Sana Boudabbous1, Pauline Guillemin1, Orane Lorton1, Laura Gui-Levy1, Stephane Desgranges1, Xavier Montet1, Christoph D Becker1, Raymond Miralbell2, Thomas Zilli2, and Rares Salomir1

1Radiology, Geneva University Hospitals, Image guided Interventions Laboratory, Geneva, Switzerland, 2Radiation Oncology, Geneva University Hospitals, Geneva, Switzerland

Synopsis

Combination of hyperthermia with ionizing radiation is strongly compelling, based on principles of classic radiobiology, molecular biology, and tumor physiology. MR-guided focused ultrasound (MRgFUS) is a “touch-less” approach already employed for ablative pain palliation of symptomatic bone metastases (SBM). MRgFUS mild hyperthermia adjuvant to radiation therapy has not been reported for SMB pain palliation. We optimized here the geometry of MRgFUS sonication and the automatic temperature control during steady-state long lasting hyperthermia using a realistic ex-vivo anatomic model mimicking osteolytic bone tumors. The results demonstrated uniform spatio-temporal heating, together with predictable and safe thermal condition of the cortical bone.

Background

Metastatic disease of the bone is a common cause of pain and other significant symptoms with a detrimental impact into quality of life. Single-dose palliative external beam radiation therapy is the preferred treatment option, however, complete pain response is often suboptimal and retreatment is necessary in one third of the patients. Combination of hyperthermia with radiation is strongly compelling as it is based on principles of classic radiobiology, molecular biology, and tumor physiology1-4. Ablative MR-guided focused ultrasound (MRgFUS) yielding temperature range > 65°C is already employed standalone for primary treatment of pain palliation for symptomatic bone metastases (SBM) using ExAblate5,6 (Insightec) and Sonalleve7 (Profound) devices. The response rate at 3 months is on the order of 64% with treatment-related adverse events occurring approximately in half of cases. MRgFUS mild hyperthermia adjuvant to radiation therapy has not been reported for pain palliation of SBM. A typical treatment plan requires steady-state local hyperthermia during 30 to 60 minutes. The local geometry of osteolytic bone metastases and the specific interaction of focused ultrasound with the osteal tissue may impare the intra-operatory control of isotherms.

Methods

Fresh ex-vivo lamb shanks (N=8) were prepared under degassed water. After skin and muscle incision, the posterior tibial cortex was perforated using cylinder or cone drills (diameter range 4–15 mm). The yellow marrow was excavated via the cortical breakthrough.

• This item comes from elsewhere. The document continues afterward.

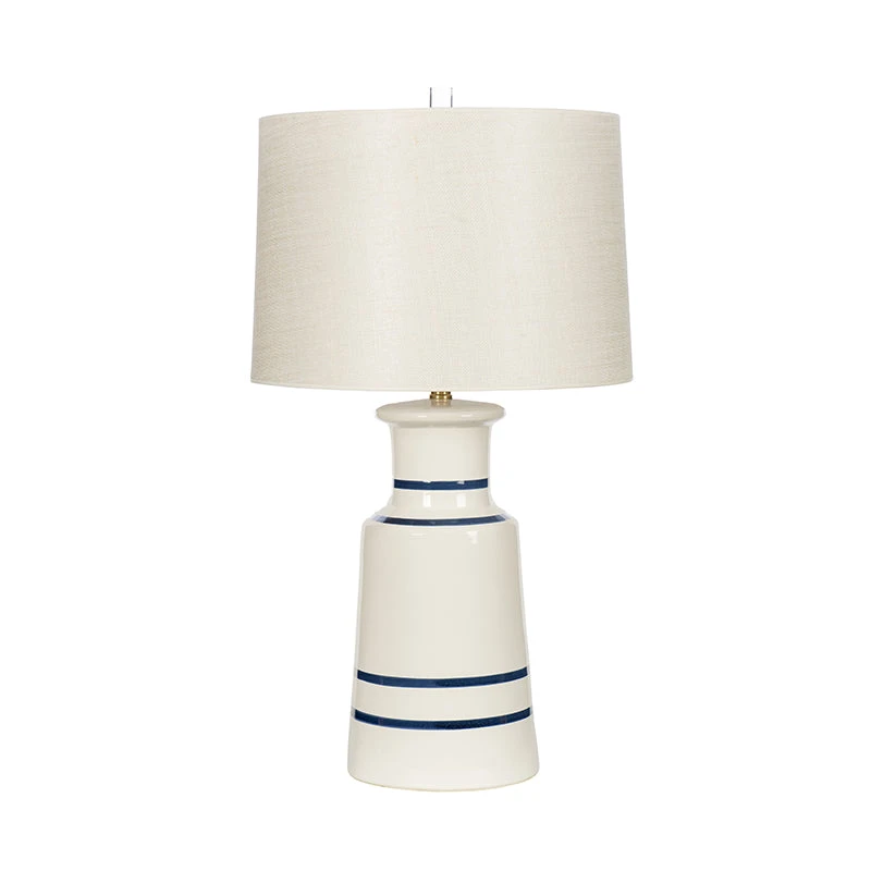 Our nautical inspired Montauk Table Lamp features a delicate off-white ceramic body with subtle, hand painted blue striping, adding a touch of seaside charm. Topped with a cream linen drum shade, it offers a coastal casual ambiance to a bedroom, main living area, or entryway.

The short diameter of the cavity ranged 7.6-15.5 mm and the long diameter ranged 9.2-18.4 mm. The medullar cavity was filled with thermo-acoustic tissue-mimicking gel. The mixture is liquid above 50°C and sets as gel less than one minute after injection. The incision path was sealed with polymer suture. Targeting was achieved with high resolution T1 3D MR images of 0.8mm isotropic voxel (Figure 1) inside a 3T clinical scanner, using a receive only loop coil (11cm diameter). A fluoroptical temperature sensor (0.9mm diameter) was inserted mid-depth in the cortical bone opposite to the breakthrough site, as gold-standard safety monitor. The sonication was produced by a phased-array randomized transducer (256 element, f=1.031MHz, R=130mm, D=140mm). The site of cortical breakthrough was centered as precise as possible on the FUS beam axis. In successive experiments, the focal point was positioned 5mm ahead the cortical breakthrough site, co-planar with the site and finally 5 mm deep inside the medullar cavity. Standard PRFS thermometry using a segmented GRE-EPI sequence with lipid signal suppression and Bo-drift compensation was performed parallel and perpendicular to the bone axis (TE=10ms, voxel size 1x1x4 mm, temporal resolution 1.6s). Prescribed hyperthermia was defined as uniform +6°C temperature elevation within the tissue-mimicking gel for 12 minutes. A predictive temperature controller was implemented, automatically adjusting the FUS energy deposition. Two thermal sources were considered inside the medullar cavity: 1) the direct absorption of FUS beam around the focal point, and 2) the passive heat flow centripetally from the internal cortical wall, that is heated itself by the post-focal FUS beam. The second mechanism yields a temporal lag between the acoustic power command and the temperature response. The temperature controller took into account the predicted asymptotic level of temperature elevation, as determined from a sliding temporal window of observation.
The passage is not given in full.